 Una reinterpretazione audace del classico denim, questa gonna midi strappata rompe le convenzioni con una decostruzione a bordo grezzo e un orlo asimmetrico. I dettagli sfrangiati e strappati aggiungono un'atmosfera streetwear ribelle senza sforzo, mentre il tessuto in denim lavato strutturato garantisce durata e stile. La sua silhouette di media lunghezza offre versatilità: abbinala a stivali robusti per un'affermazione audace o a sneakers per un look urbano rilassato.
* * *
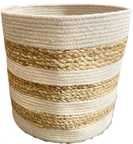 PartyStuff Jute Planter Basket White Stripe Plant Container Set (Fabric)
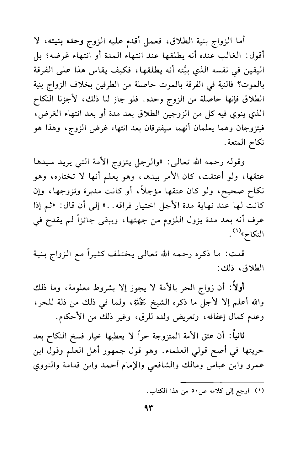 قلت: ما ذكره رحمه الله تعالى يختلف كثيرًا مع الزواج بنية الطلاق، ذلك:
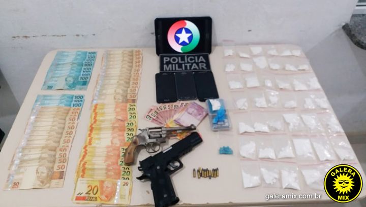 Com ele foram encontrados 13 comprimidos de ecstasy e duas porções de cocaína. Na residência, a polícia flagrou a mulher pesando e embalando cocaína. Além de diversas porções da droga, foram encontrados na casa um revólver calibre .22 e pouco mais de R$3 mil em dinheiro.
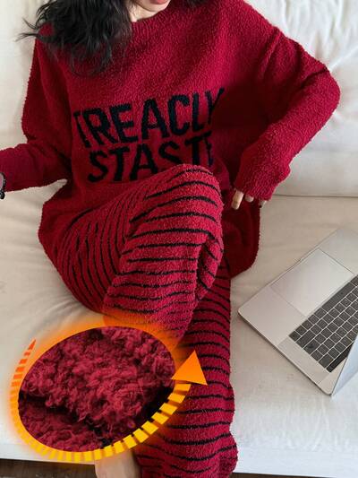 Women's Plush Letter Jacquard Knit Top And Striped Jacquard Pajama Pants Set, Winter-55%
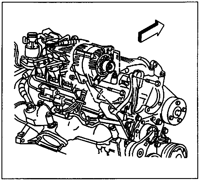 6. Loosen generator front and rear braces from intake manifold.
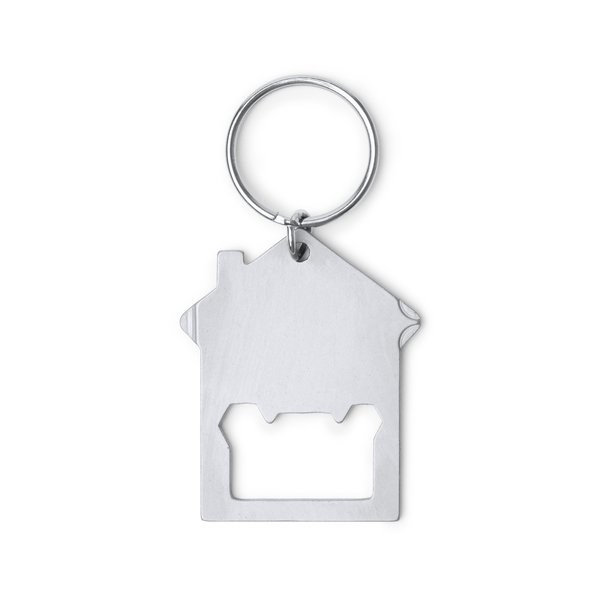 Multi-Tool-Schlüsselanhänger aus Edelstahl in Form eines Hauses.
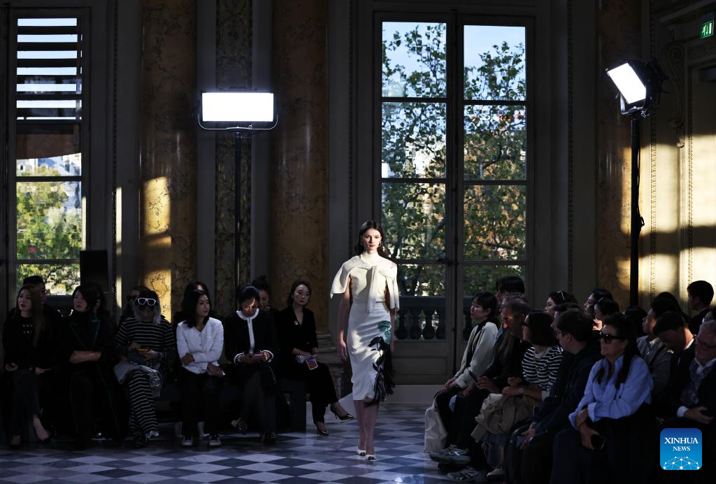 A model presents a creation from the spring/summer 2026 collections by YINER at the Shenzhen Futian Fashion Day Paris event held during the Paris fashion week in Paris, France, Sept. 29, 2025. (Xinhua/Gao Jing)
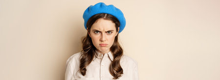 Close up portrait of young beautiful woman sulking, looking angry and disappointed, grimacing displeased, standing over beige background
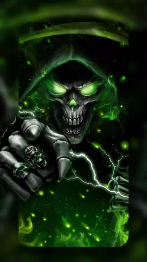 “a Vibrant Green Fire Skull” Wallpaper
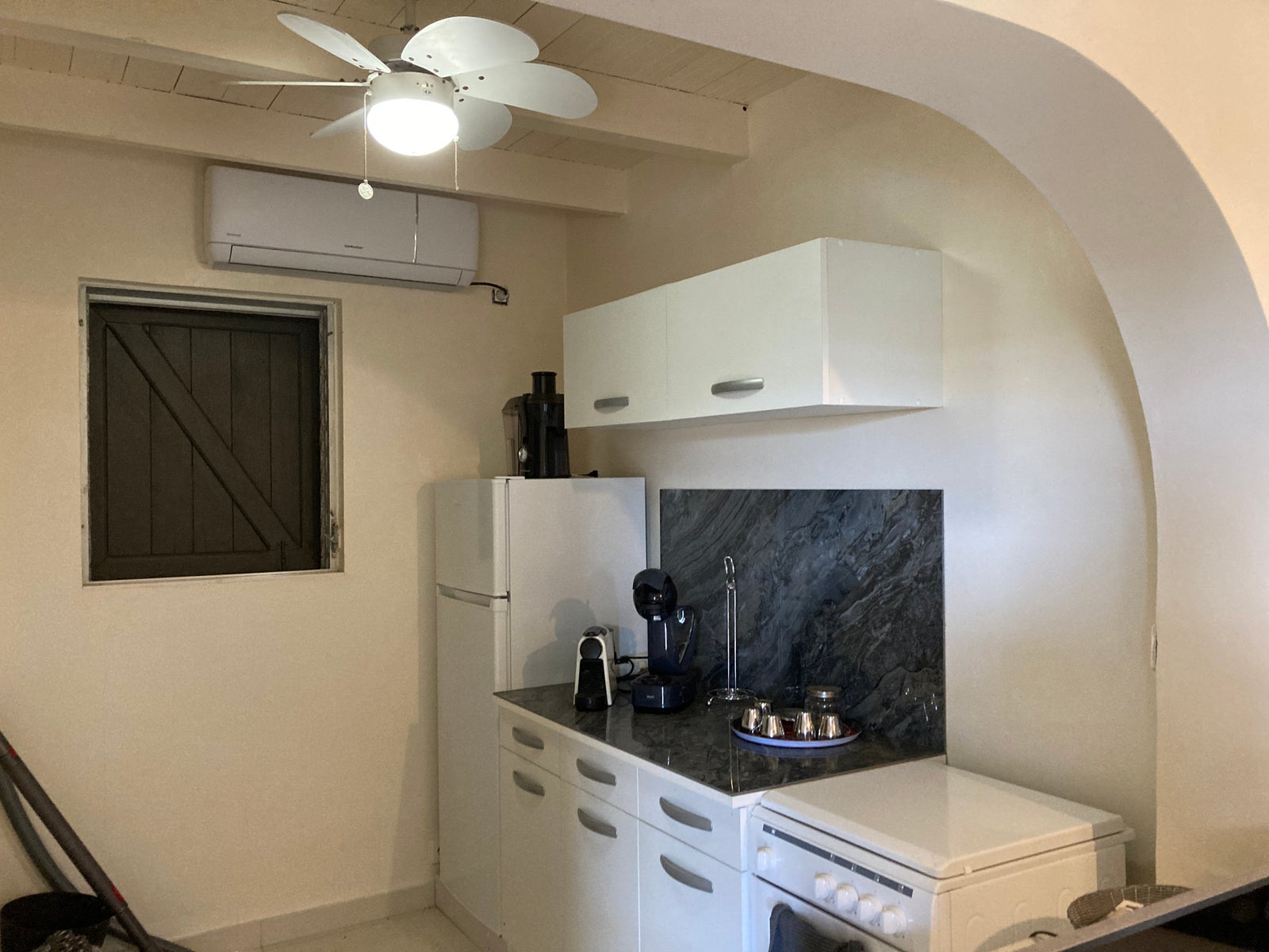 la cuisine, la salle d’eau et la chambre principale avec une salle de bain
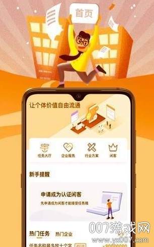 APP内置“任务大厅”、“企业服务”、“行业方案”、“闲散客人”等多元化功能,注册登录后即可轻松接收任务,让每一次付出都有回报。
* * *
• **The problem**:
From the records above, transcribe only the stretch from the line with "Women's Plush Letter" through the line with "Close up portrait", keeping both ends. Omit pictures.

• **Answer section**:
 Women's Plush Letter Jacquard Knit Top And Striped Jacquard Pajama Pants Set, Winter-55%
 6. Loosen generator front and rear braces from intake manifold.
 Multi-Tool-Schlüsselanhänger aus Edelstahl in Form eines Hauses.
 A model presents a creation from the spring/summer 2026 collections by YINER at the Shenzhen Futian Fashion Day Paris event held during the Paris fashion week in Paris, France, Sept. 29, 2025. (Xinhua/Gao Jing)
 Close up portrait of young beautiful woman sulking, looking angry and disappointed, grimacing displeased, standing over beige background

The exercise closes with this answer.